Required action. You are asked to reproduce the listing exactly and to omit its pictures.

Source data.
--
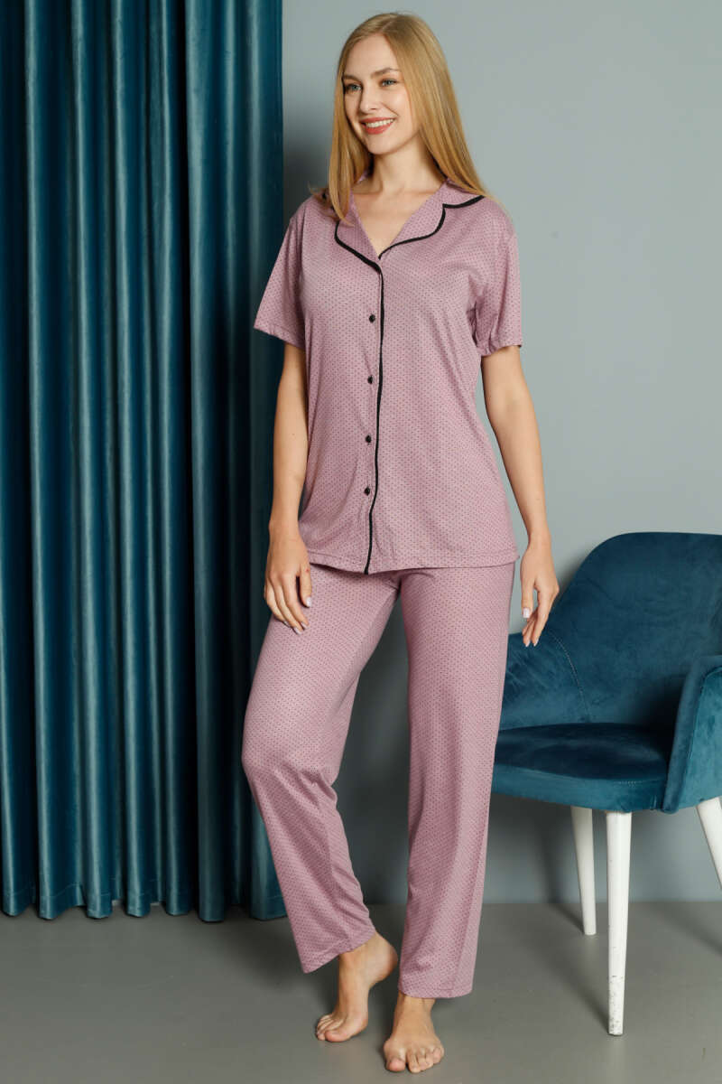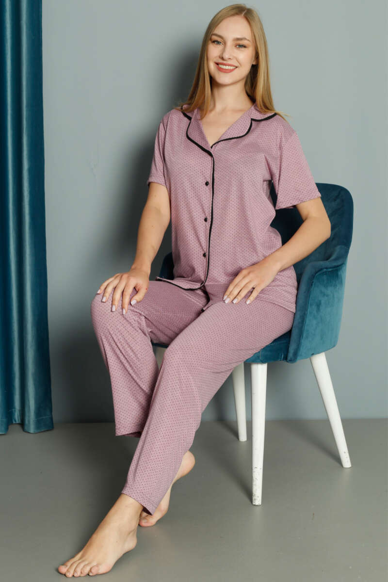 Mini Puantiyeli Kısa Kol Pijama Takımı Magenta
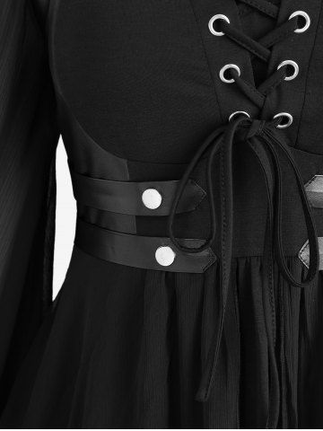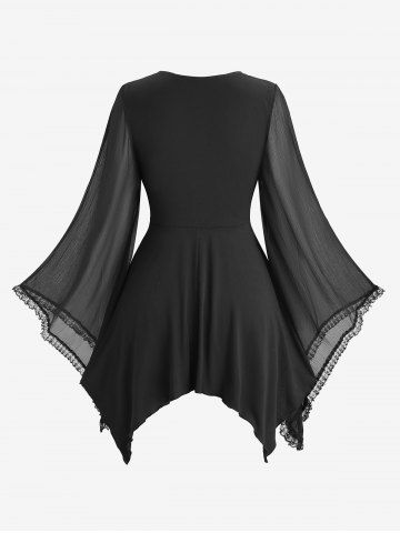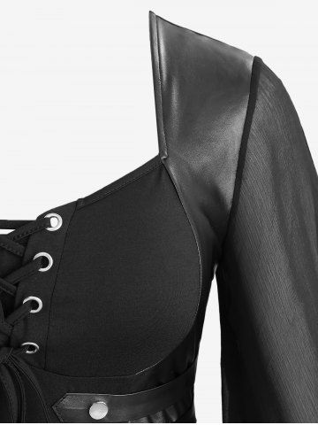 Haut gothique grande taille à lacets en cuir PU avec bordure en dentelle et manches évasées asymétriques - Noir - Noir
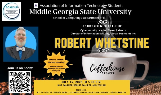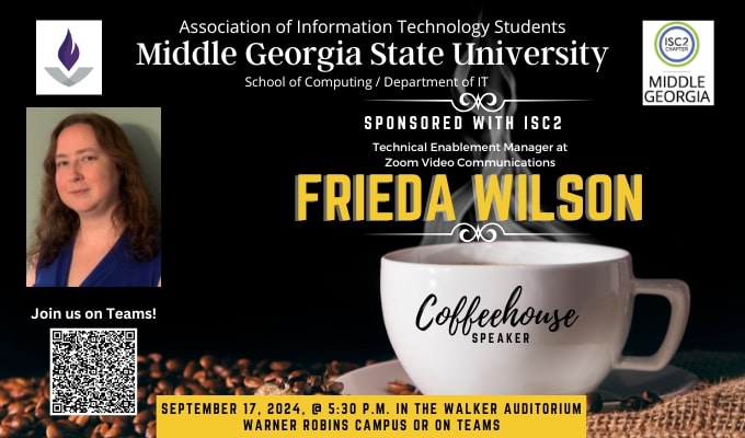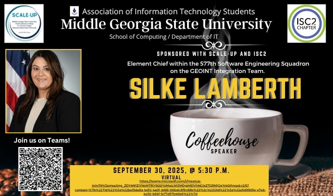 The Association of Information Technology Students (AITS) and the Middle Georgia Chapter of ISC2, a professional organization focused on cybersecurity, are sponsoring monthly speaker events. These events will take place at the MGA Warner Robins Campus in the Walker Auditorium.
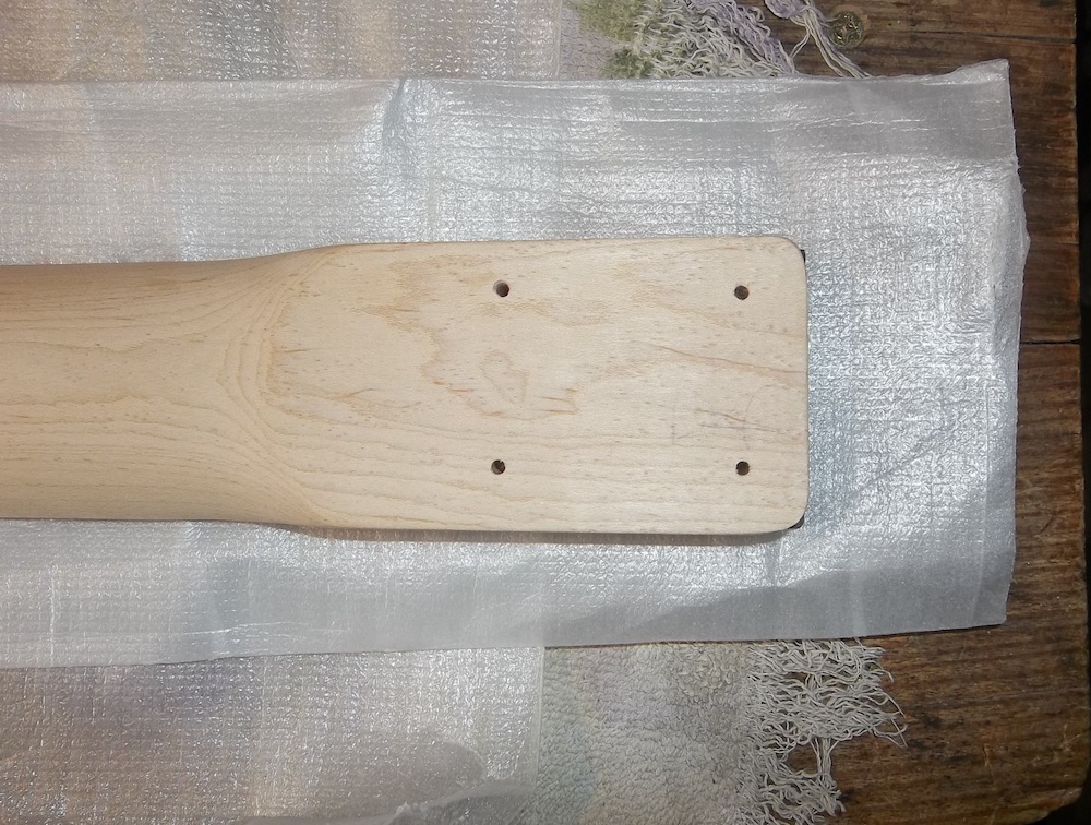 Just to be safe I use a nice strong stainless steel neck screw to cut the threads (ensuring it matches the thread of the actual neck screws). Candle wax and slowly does it… make sure you check how far the screws have to go in and mark it before you start.
--
Your solution.
 Mini Puantiyeli Kısa Kol Pijama Takımı Magenta
 Haut gothique grande taille à lacets en cuir PU avec bordure en dentelle et manches évasées asymétriques - Noir - Noir
 The Association of Information Technology Students (AITS) and the Middle Georgia Chapter of ISC2, a professional organization focused on cybersecurity, are sponsoring monthly speaker events. These events will take place at the MGA Warner Robins Campus in the Walker Auditorium.
 Just to be safe I use a nice strong stainless steel neck screw to cut the threads (ensuring it matches the thread of the actual neck screws). Candle wax and slowly does it… make sure you check how far the screws have to go in and mark it before you start.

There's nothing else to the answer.